Malynda Richardson, the EMS director for Presidio city, came out in favor of face coverings during the Presidio emergency meeting.
But when city officials also considered recommending gloves to residents, Richardson voiced strong opposition, warning city officials that gloves could give people a “false sense of security.”
In an interview Monday, Richardson said she does think gloves could be a good idea for some workers — including grocery workers who regularly handled cash.
“Money is made of cloth fibers, and it holds onto germs,” she said. “It’s one of the dirtiest things you can possibly touch.”
But for most residents, she reiterated that gloves could make people feel protected without offering much protection. She gave the example of someone using one pair of gloves to touch multiple products at a grocery store, or — even worse — to touch their face.
Making matters worse, she said, most non-healthcare workers don’t know how to properly remove gloves, which involves peeling them off slowly and then stuffing them together to avoid touching the exterior surface of the gloves with bare hands.
“It’s sort of an instinctive thing: you put on gloves, and you feel safe,” Richardson said. But the reality is anything but.
Masks, on the other hand, Richardson supports. But while some have viewed face-coverings as a way to protect themselves, Richardson said face-coverings are more about preventing transmission of the virus. The less coronavirus spreads a community, the safer the entire community is.
“I wear my mask to protect you,” she said. “You wear your mask to protect me.”
Such measures were particularly important, Richardson said, because up to 40 percent of people with coronavirus don’t experience symptoms — and because Presidio has a large population of elderly and vulnerable people.
“I transmit it to a 17-year-old kid, and then they take it home to their grandparents,” she said, speaking hypothetically. “That community spread is what you want to stop.”
Across the region, health and emergency officials said they agreed with Richardson’s views on masks and gloves.
“I think masks are a good idea,” said Stephanie Elmore, the Brewster emergency management coordinator. “You’re keeping your germs to yourself.”
Gloves, on the other hand, give a “false sense of hope” and could potentially “contaminate everything that you touch.”
“Instead of using gloves, just wash your hands,” Elmore said.
Gary Mitschke, the emergency management coordinator for Presidio County, agreed on both fronts. Wearing face-coverings in public is “probably” a good idea, he said — though he stressed that keeping distance from people is the “better way to go.”
Wearing gloves, on the other hand, “could actually be more a detriment,” he said.
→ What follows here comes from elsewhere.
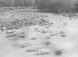 A long time ago Oo-soo'-ma-te the Grizzly Bear and Hoi-yah'-ko the FIRST PEOPLE, made the Chaw'-se or mortar holes in the big flat-topped rocks. Then Nek'-na-kā'-tah the rock maiden came and helped make the Kah-wah'-che or stone pestles for the people to pound acorns with.

Instead, he stressed that people should be vigilant about washing their hands.
While officials are in lockstep on guidance on masks and gloves, there was more disagreement on another question: could the CDC have done more — and done more sooner — to help circulate safety guidance to Americans?
“Maybe,” said Richardson, the EMS director in Presidio city. She thinks the agency was “trying to make the best call given the circumstances” and wanted to prevent people from hoarding N95 and surgical masks. But on the other hand, she thinks the resulting confusion has left some Presidio residents still uncertain about how to best protect themselves and others.
Mitschke said federal health authorities “reacted fairly quickly” when faced with a “major learning curve.” As the situation on the ground changed and the risk of coronavirus increased in the United States, the CDC updated their guidance, he said.
Mitschke, who also serves as chief of the Marfa Volunteer Fire Department, compared the coronavirus pandemic to a wildfire.
“You don’t know what you have until you get in there and size it up,” he said. “This virus is a whole different animal.”